• _Work item_: Only the pictures should be left out; repeat the rest of the data exactly.

• _Dataset section_:
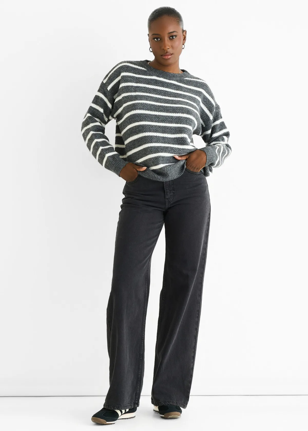 Grijze gestreepte oversized trui met grove brei Prijzen
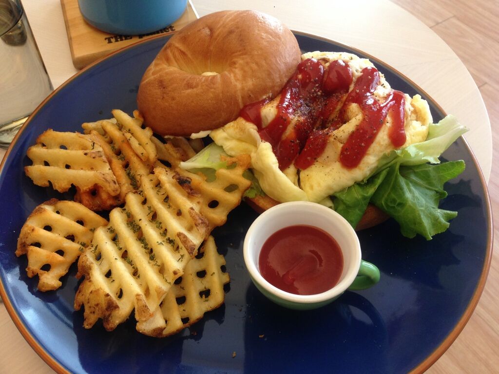 蘑菇蛋捲貝果:一樣份量驚人,貝果外Q內軟好吃,蘑菇蛋包非常鬆軟,即使前面吃了一輪還是忍不住把這道吃光光。
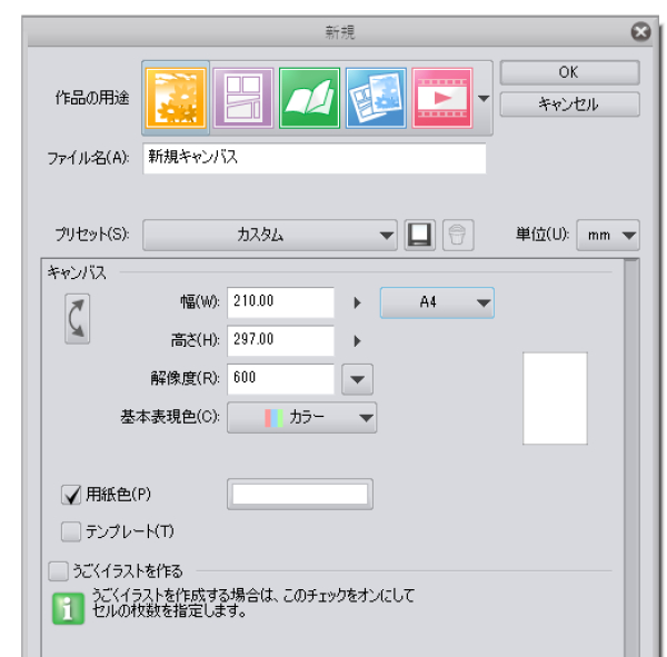 [作品の用途]の設定があり、選択するものによって、表示

• _Exercise answer_:
 Grijze gestreepte oversized trui met grove brei Prijzen
 蘑菇蛋捲貝果:一樣份量驚人,貝果外Q內軟好吃,蘑菇蛋包非常鬆軟,即使前面吃了一輪還是忍不住把這道吃光光。
 [作品の用途]の設定があり、選択するものによって、表示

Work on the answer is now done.